01 Storage Challenges for Large Model Training in Kuberenetes

As data clusters continue to grow in size, managing large-scale data clusters in a Kubernetes environment presents multiple challenges:

Complex Permission Management: Large-scale AI training often involves hundreds of algorithm engineers, placing complex demands on file system permission management. Permission management at this scale is particularly difficult in a Kubernetes environment, where access to highly dynamic and distributed resources must be controlled at a granular level without compromising the efficiency of development and operations.
Stability Challenge: In an extremely elastic cloud-native environment, the stability of the file system also faces great challenges. How to ensure that business is not affected when restarting or upgrading file system services?
System Observability: How to increase system observability and simplify O&M and troubleshooting in a complex Kubernetes system?

In addition to the challenges in a Kubernetes environment, the storage system faces performance requirements of high concurrency, high throughput and low latency, as well as the challenge of maintaining data consistency in a multi-cloud architecture.

02 How is the JuiceFS architecture designed to address these challenges?

JuiceFS stores metadata and data separately. Metadata is stored in databases including Redis, MySQL, and our own high-performance cloud data engine, while data is sliced and diced and stored in an object store that supports almost all types of object stores on the market. This method of storing files in chunks allows all file I/O requests to be accurately locked to specific chunks through offsets, which is especially suitable for reading and writing large files and ensures data consistency.

As shown in the figure below, the JuiceFS client sits on top of the system, handles all file I/O requests, and provides multiple means of access to upper-level applications, including the POSIX interface, the JuiceFS CSI Driver, and the S3 Gateway.

JuiceFS in a Kubernets Environment

JuiceFS provides a CSI Driver that enables users to use the filesystem in Kubernetes environments by way of native Persistent Volume Claims (PVCs), supporting both static and dynamic configuration.

In a static configuration, the administrator creates a separate Persistent Volume (PV) for the application Pod. Users can use JuiceFS in a Pod by simply creating a PVC and declaring this PVC in the Pod.

Dynamic configuration simplifies the work of the administrator. Instead of creating a separate PV for each Pod, the administrator creates a template for the PV, i.e., StorageClass, and the user does the same as in static configuration, but still needs to create a PVC, and the system automatically generates the required PVs dynamically based on the StorageClass, and then the system automatically creates the corresponding PVs during runtime.

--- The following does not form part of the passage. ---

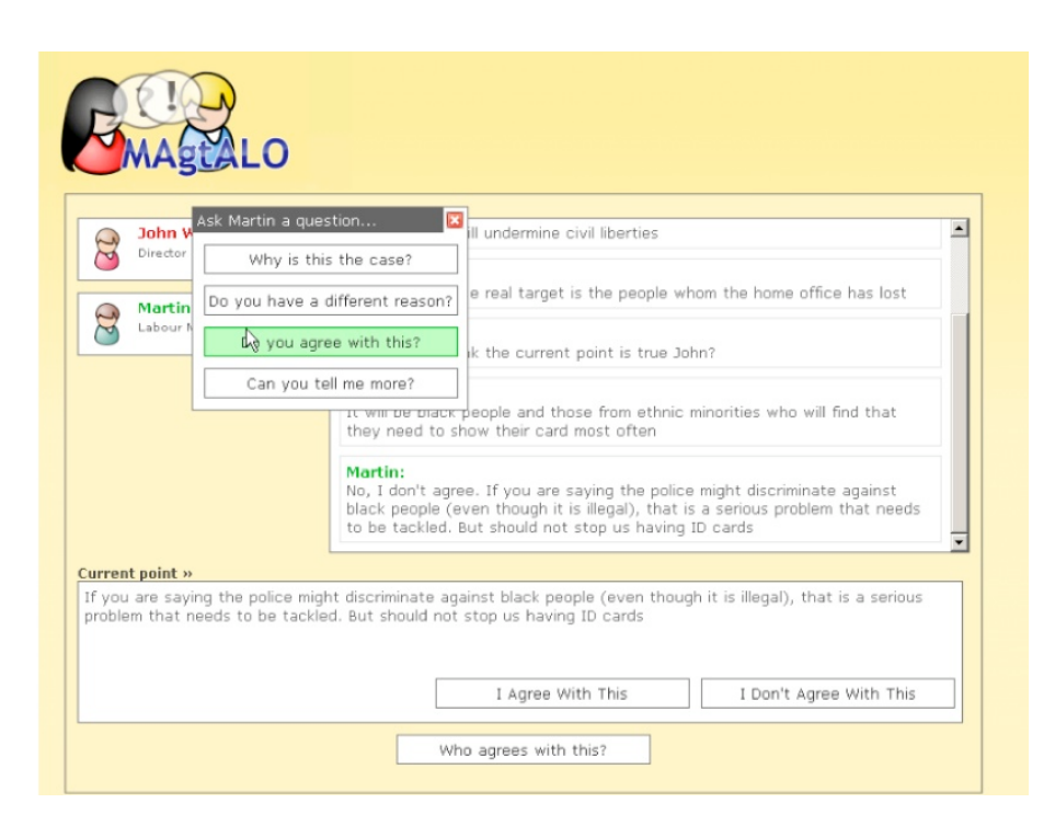
Fig. 3. Dialogical interaction in MAgtALO

The following illustration demonstrates the flow of operations when the JuiceFS CSI Driver receives a mount request from Kubernetes. A separate Pod is created to run the JuiceFS client. This design provides several significant benefits:

Increased system stability and scalability: The FUSE client is completely decoupled from the CSI Driver component so that restarts and upgrades of the CSI Driver do not affect the operation of the FUSE client.
Ease of Management: This architecture allows for intuitive management of FUSE daemons in the same way as Kubernetes, increasing process transparency and management efficiency.

How to Run the CSI Driver in a Serverless Environment

In Serverless environments, services are typically not associated with a specific node, which means that it is not possible to run a daemon site on the node, thus preventing the CSI node component from working properly. To address this issue, we have adopted an innovative solution using the Sidecar model to support JuiceFS in Serverless resilient environments, ensuring high availability and flexibility for storage clients.

Specifically, we register a webhook with the API server in the CSI controller, and when the API server needs to create a Pod, it makes a request to this webhook. Through this mechanism, we inject a Sidecar container into the application Pod, which runs the JuiceFS client. This configuration allows the JuiceFS client to coexist in the same Pod as the application container in the form of a sidecar, sharing the same lifecycle, thus improving overall operational efficiency and stability. For more information about Sidecar mode, clickhere (literary)Learn more.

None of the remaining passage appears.